The bulls were hoping for another quick and easy bounce on Tuesday. Over the last six years, this market has often made traders feel very foolish when they took a defensive posture as technical conditions deteriorated. We often would bounce right back when were seemingly on the cusp of an ugly downtrend. It happened so often, that Doug Kass' quip about the market having no memory wasn't just a joke.
This time it is different. The negative news flow is piling up and we aren't being rescued by central bankers. We have H-bomb testing in North Korea, more poor economic news out of China, a further drop in oil and commodities and even the mighty Apple (AAPL) -- an Action Alerts PLUS charity portfolio holding -- is cutting production.
The bounce attempt yesterday was anemic and too many bulls were overanxious to try to catch a move. They are trapped this morning and are adding to the downside pressure as they seek to escape. I mentioned that we need to crack the 200 level of the SPY, which is equivalent to the 2005 level of the S&P 500, before we could start thinking about trying to find some support.
The bears have the momentum now and would be in no hurry to try to call a low, but we may have enough downside pressure and panic to create conditions for at least a small snap back.

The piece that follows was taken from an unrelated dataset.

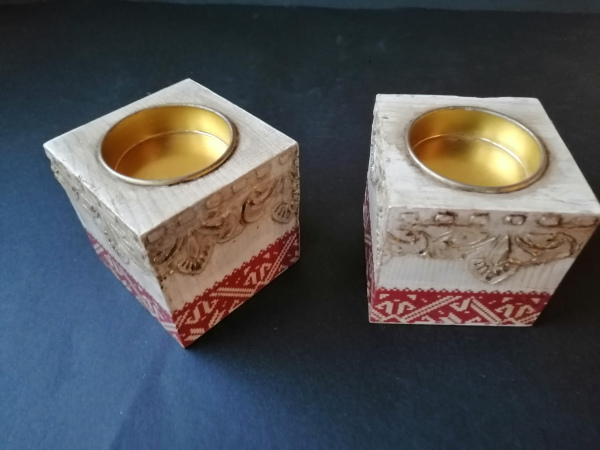 2 wooden candle holders decorated with a vintage motif, made using various techniques.

It is extremely gloomy and negative out there, and that is what we need for the purging process to take place.
We have some economic news coming this morning, but what will be most interesting is the minutes of the last FOMC meeting, today at 2 p.m. ET. Many questioned the wisdom of a hike and recent events really have to make you wonder if the Fed knows what it is doing.
It is tough on the market not to have a dovish Fed, but it is even worse to have a Fed that seems not only out of touch but downright incompetent. It creates another headwind for this market that already has plenty of them.
In a market like this my game plan is to simply stand aside and wait for better conditions to occur. I don't try to call bottoms or turns. I respect the downward momentum and appreciate the fact that it will eventually create some great entry points. I said yesterday that there simply weren't any good long side position trades right now, and the action this morning certainly confirms that statement.
It has been a very miserable start to the new year, but it is the nature of markets to go through some hard times. The cycle of boom and bust is inevitable. We need to embrace it and stay mentally prepared for the time when conditions improve again. Navigating the ups and downs is how you produce superior returns.
I expect that bounce buyers will give it a try, but we are building up a supply of bulls that now want to escape. Overhead resistance will be tough. Precious metals are going to be viewed as a safe haven, but the pockets of upside opportunity will be very limited.
It is ugly out there, but it's the nature of the beast. If we appreciate that fact, then we can be ready for the next crop of opportunities that develop.